• [Assigned task]:
Take from the entries below the stretch from the line with "11月的岭南,秋色宜人,万物" through the line with "Аксессуар выполнен из", and return it exactly, leaving the pictures out.

• [Source data]:
::::::::::
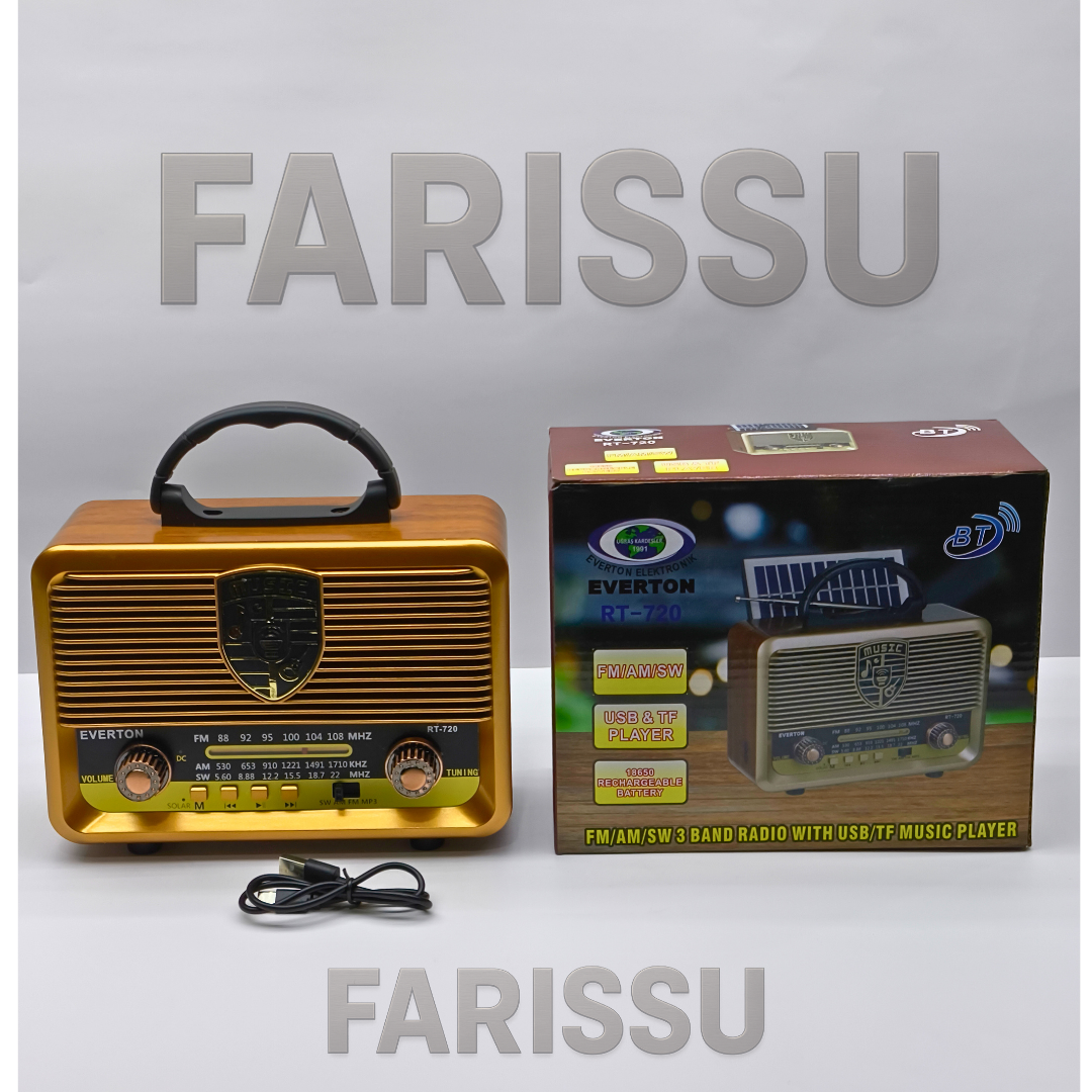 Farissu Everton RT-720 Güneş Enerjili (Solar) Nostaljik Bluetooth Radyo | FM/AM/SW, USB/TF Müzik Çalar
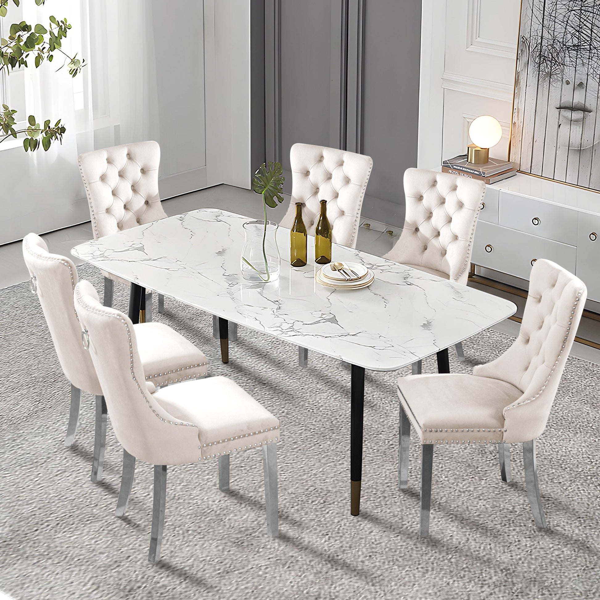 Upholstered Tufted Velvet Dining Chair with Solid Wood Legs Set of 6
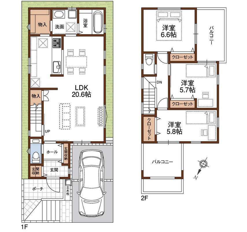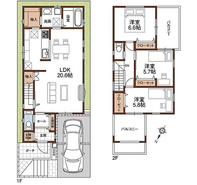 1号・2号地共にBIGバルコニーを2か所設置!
::::::::::
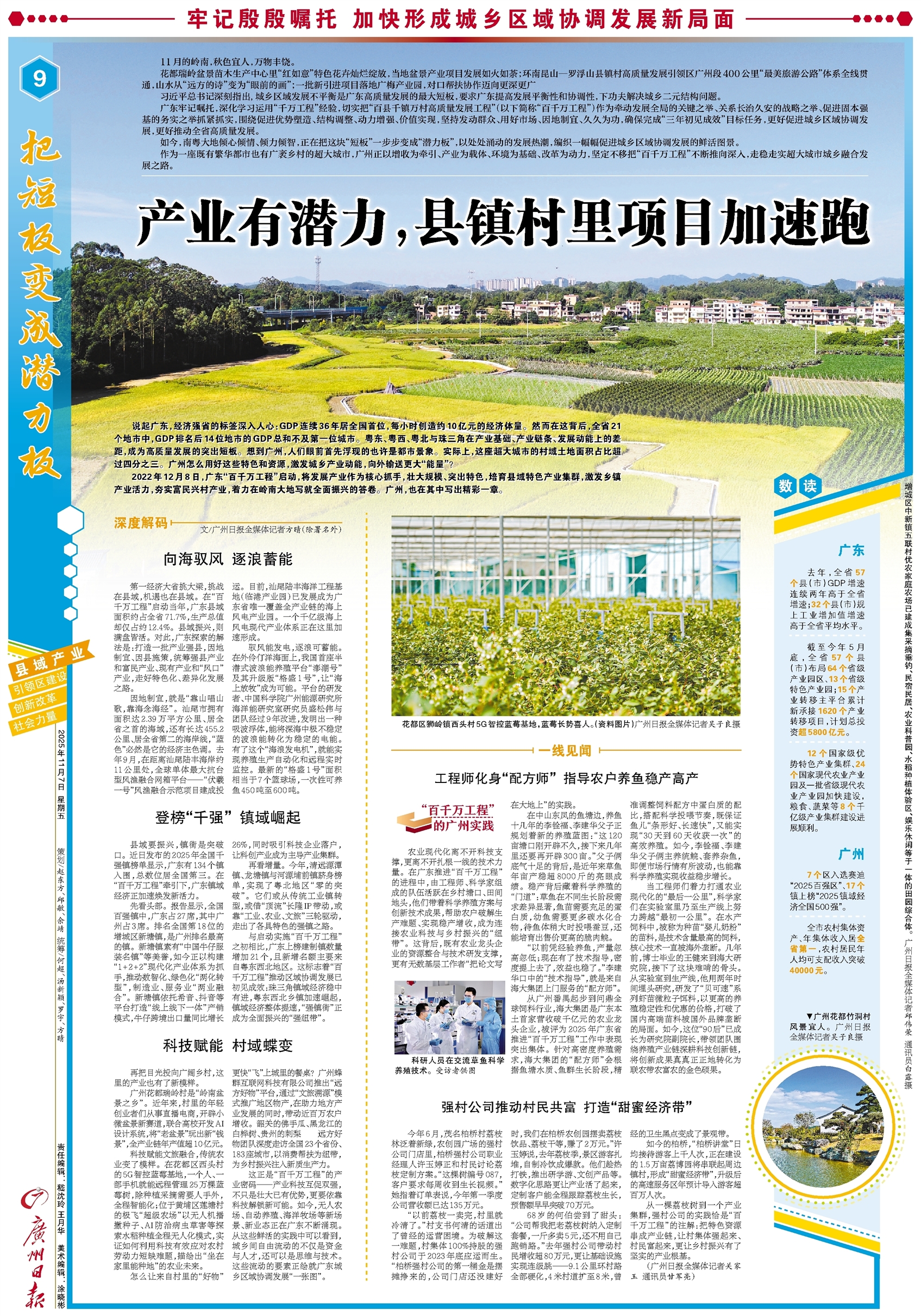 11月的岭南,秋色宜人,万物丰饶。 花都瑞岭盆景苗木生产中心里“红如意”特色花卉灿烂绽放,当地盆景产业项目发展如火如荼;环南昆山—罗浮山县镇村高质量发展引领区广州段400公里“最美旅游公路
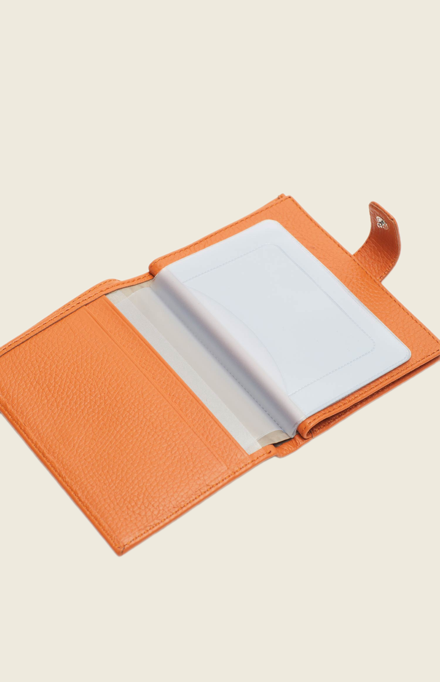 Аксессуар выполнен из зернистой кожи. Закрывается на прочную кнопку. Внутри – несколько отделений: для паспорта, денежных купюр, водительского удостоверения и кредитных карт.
::::::::::
• [Answer space]:
 11月的岭南,秋色宜人,万物丰饶。 花都瑞岭盆景苗木生产中心里“红如意”特色花卉灿烂绽放,当地盆景产业项目发展如火如荼;环南昆山—罗浮山县镇村高质量发展引领区广州段400公里“最美旅游公路
 Аксессуар выполнен из зернистой кожи. Закрывается на прочную кнопку. Внутри – несколько отделений: для паспорта, денежных купюр, водительского удостоверения и кредитных карт.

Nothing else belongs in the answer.